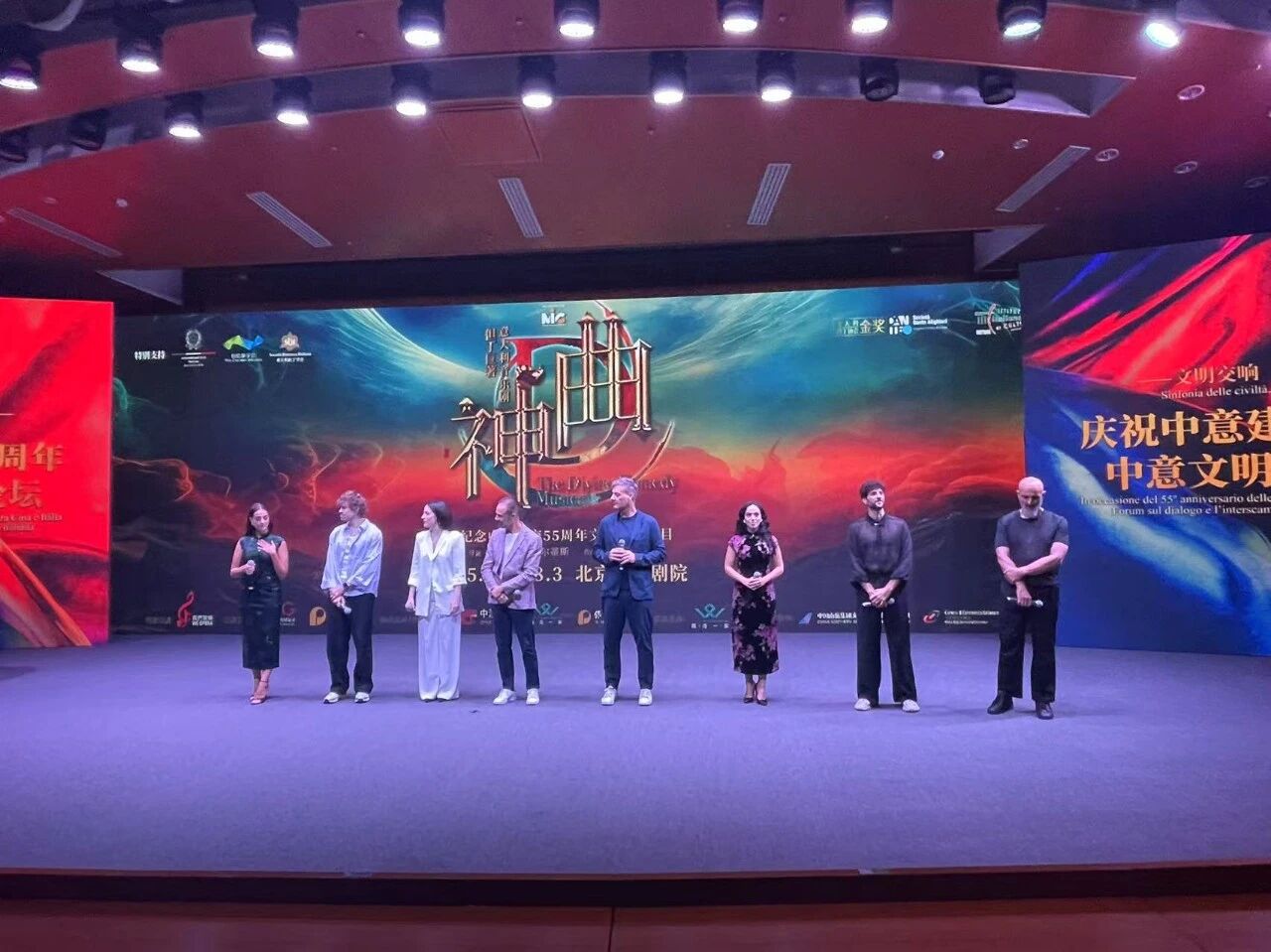 The event was held in celebration of the 55th anniversary of diplomatic relations between China and Italy and was preceeded by a thematic forum titled “Literature and Stage: Contemporary Paths of Interaction between Chinese and Italian Civilizations.” The forum was jointly organized by the China Arts and Entertainment Group (CAEG), the Embassy of Italy to the P.R.C., and the Committee for Culture and Peace of the Charhar Institute. It brought together representatives from the cultural, artistic, academic, and diplomatic spheres of both countries for a dialogue on the modern interpretation of literary classics and cross-cultural artistic exchange.
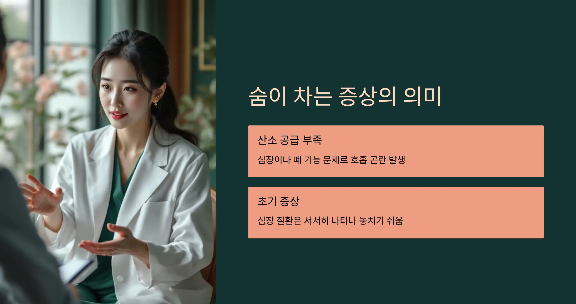 숨이 차는 증상은 가벼운 신호일 수도 있지만, 심부전이나 부정맥 같은 심각한 질환의 전조일 수 있습니다.
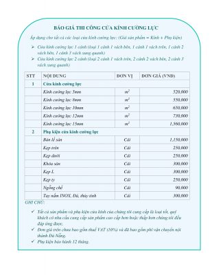 BÁO GIÁ THI CÔNG CỬA KÍNH CƯỜNG LỰC
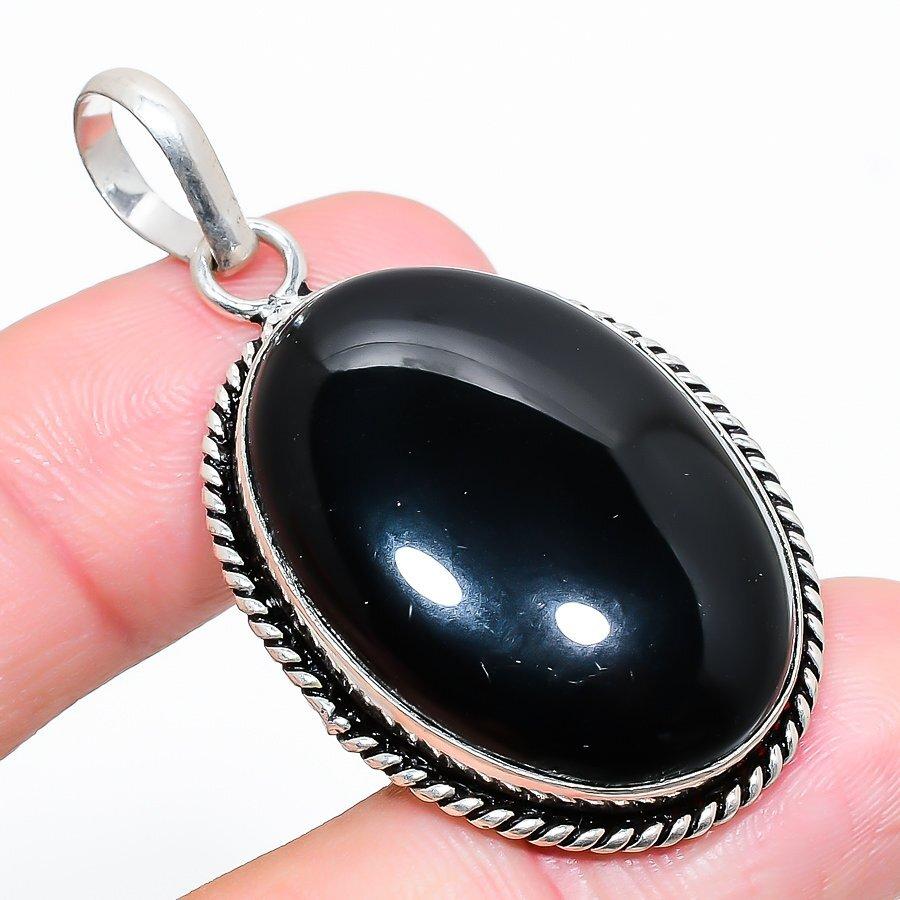 Title:- Black Onyx Gemstone 925 Silver Jewelry Pendant 1.97"
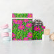 Wrapping paper in a pattern of deep fuchsia pink wildflowers, with yellow centres, in a field of green grass

» **PROBLEM DESCRIPTION**
In the printed copy, the material above must appear unchanged and without its pictures.

» **WRITTEN SOLUTION**
 The event was held in celebration of the 55th anniversary of diplomatic relations between China and Italy and was preceeded by a thematic forum titled “Literature and Stage: Contemporary Paths of Interaction between Chinese and Italian Civilizations.” The forum was jointly organized by the China Arts and Entertainment Group (CAEG), the Embassy of Italy to the P.R.C., and the Committee for Culture and Peace of the Charhar Institute. It brought together representatives from the cultural, artistic, academic, and diplomatic spheres of both countries for a dialogue on the modern interpretation of literary classics and cross-cultural artistic exchange.
 숨이 차는 증상은 가벼운 신호일 수도 있지만, 심부전이나 부정맥 같은 심각한 질환의 전조일 수 있습니다.
 BÁO GIÁ THI CÔNG CỬA KÍNH CƯỜNG LỰC
 Title:- Black Onyx Gemstone 925 Silver Jewelry Pendant 1.97"
 Wrapping paper in a pattern of deep fuchsia pink wildflowers, with yellow centres, in a field of green grass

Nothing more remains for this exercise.